Last week was a great one for sport, and an uplifting one for me. In two entirely different ways, it showed the power that sport has to capture the imagination of huge numbers from all walks of life, and make a positive impact on our national consciousness.
But before I get to that, I’d like to share with you some very good news indeed for football, our nation’s favourite game. On Monday grassroots football received a £50 million lift to help fund state-of-the-art facilities and, we hope, develop the next generation of England football talent.

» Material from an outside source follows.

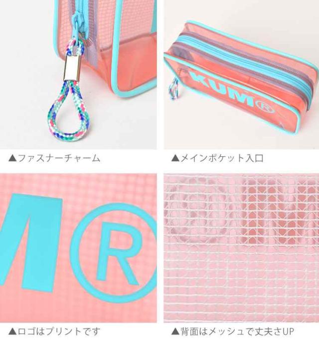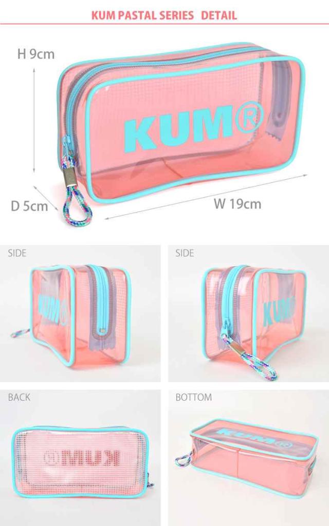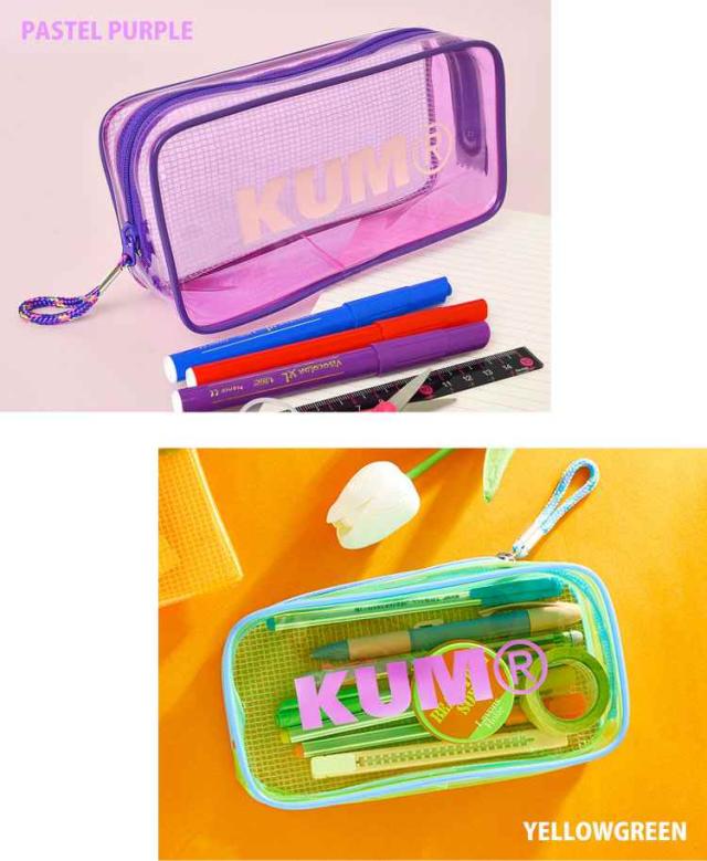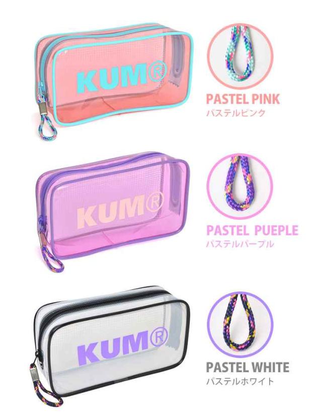 クリアペンケース かわいい 大容量 KUM クム クリアペンケース パステルカラー 筆箱 ビニール かわいい 女の子 透明 オルチャン 透明 クリアペンポーチ 大きめ ペンケース 大きいサイズ 中学生 高校生 大学生 大人 ポーチ 筆箱 ロゴ クリア おしゃれ ファスナー
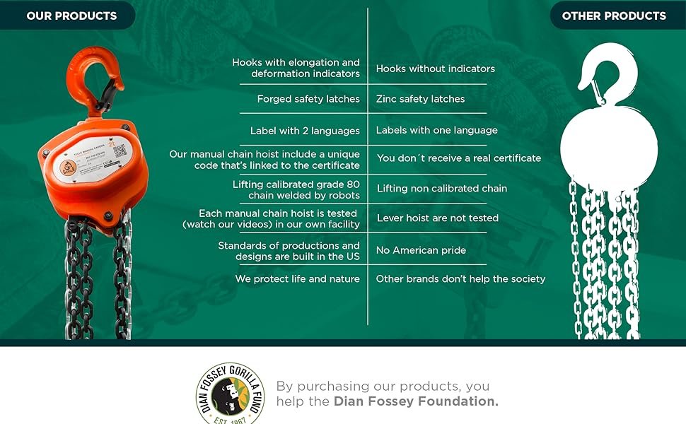 • Versatile & Community-Focused: Perfect for construction, warehouses, and confined spaces. Every purchase of our manual chain hoist supports the Dian Fossey Foundation, contributing to gorilla conservation and community development in Africa.

This ties in with the Football Association’s plan to improve grassroots facilities across the country. The FA are going to match this funding pound for pound and this, together with contributions from the Premier League, Football League clubs and local authorities, will get us well on the way to reaching our ambition of raising £200 million in total funding.
What does this all pay for?
Well, the ambition is to help create 150 multi-sport hubs across 30 cities, with £8 million a year going into facilities, helping to build over 400 new all-weather 3G pitches, and £2 million a year on talent development, tripling the number of high level coaches in the country. This, of course, will be great news for our next generation of England hopefuls and future World Cup hopes.
But it should go much more widely than that. As I’ve said on any number of occasions, our goal is to get more people playing sport regularly and developing a lifelong sporting habit. So part of the funding will be spent specifically on training women and people from BAME background to qualify as coaches, so that as many people as possible can enjoy it.
Staying with football, but shifting the focus towards supporters, another thing we’re keen to do is help to give football fans a greater say in the running of the team they support. So this October I launched the Football Supporter and Engagement Expert Working Group, which will look at what more can be done to increase collective supporter ownership of football clubs, and what other ways there are to increase fan engagement.
We’ll be trying to find out if there are any particular legal or financial issues standing in the way of fan ownership and, if so, what we can do in government to overcome them. This is the sort of issue that needs input from the whole football family: regular fans, supporters groups, those working in the sector – we want to hear from as many of them as possible. Everyone has until 9 January to let us know what they think, and the group will meet to discuss what’s been suggested early next year.
On Friday I had the honour and privilege of joining HRH Prince William at the National Memorial Arboretum to see him unveil a memorial to the World War One Christmas Truce, that extraordinary moment when some British and German soldiers stopped fighting in 1914. The Football Remembers memorial was designed by a schoolboy – ten-year-old Spencer Turner from Farne Primary in Newcastle – after a UK-wide competition involving more than 30,000 schools.
The Christmas Truce football match – more of a kick-around, to be strictly accurate – a hundred years ago has captured the public’s imagination since it was first announced that there was to be a programme of events marking the war’s centenary. How could people who, hours before, were exchanging gunfire and bombs, meet in no-man’s in the spirit of Christmas and goodwill to all? And, having met, play football?
It says a lot about mankind’s essential humanity and hope, but it also provides a poignant illustration of how sport can transcend the sturdiest of obstacles. I suspect that none of us lucky enough to be there in person, or the millions who will have later seen the pictures and read the stories in the media, would not have been profoundly moved by the simplicity and goodness of that long-ago moment in such a bleak place.
Two days later and my week ended in Glasgow for the BBC TV Sports Personality of the Year Awards ceremony. This wonderful night is a British institution, and has been delighting and thrilling the public for an amazing 61 years. As a child growing up I remember settling down in front of the TV every year and watching the review of the year’s sporting triumphs, each one coming up fresh as a daisy as we fretted over who we thought should win it. Well, let me assure you, being there to watch it in person is truly an out-of-this-world experience – I’m still buzzing from it.
Congratulations to Lewis Hamilton and all the other winners – and finalists – of course, but a special mention to the team of the year, if you’ll allow me. England women’s rugby team won ahead of Europe’s Ryder Cup golfers, the GB & Northern Ireland athletics squad and the Mercedes F1 team. The England women earned their place by beating Canada 21-9 in Paris to win the World Cup for the first time since 1994, after three final defeats.
As team captain Katy Mclean said as she received the award: “This is a massive turning point for women’s sport.” And so it is. I couldn’t be more proud.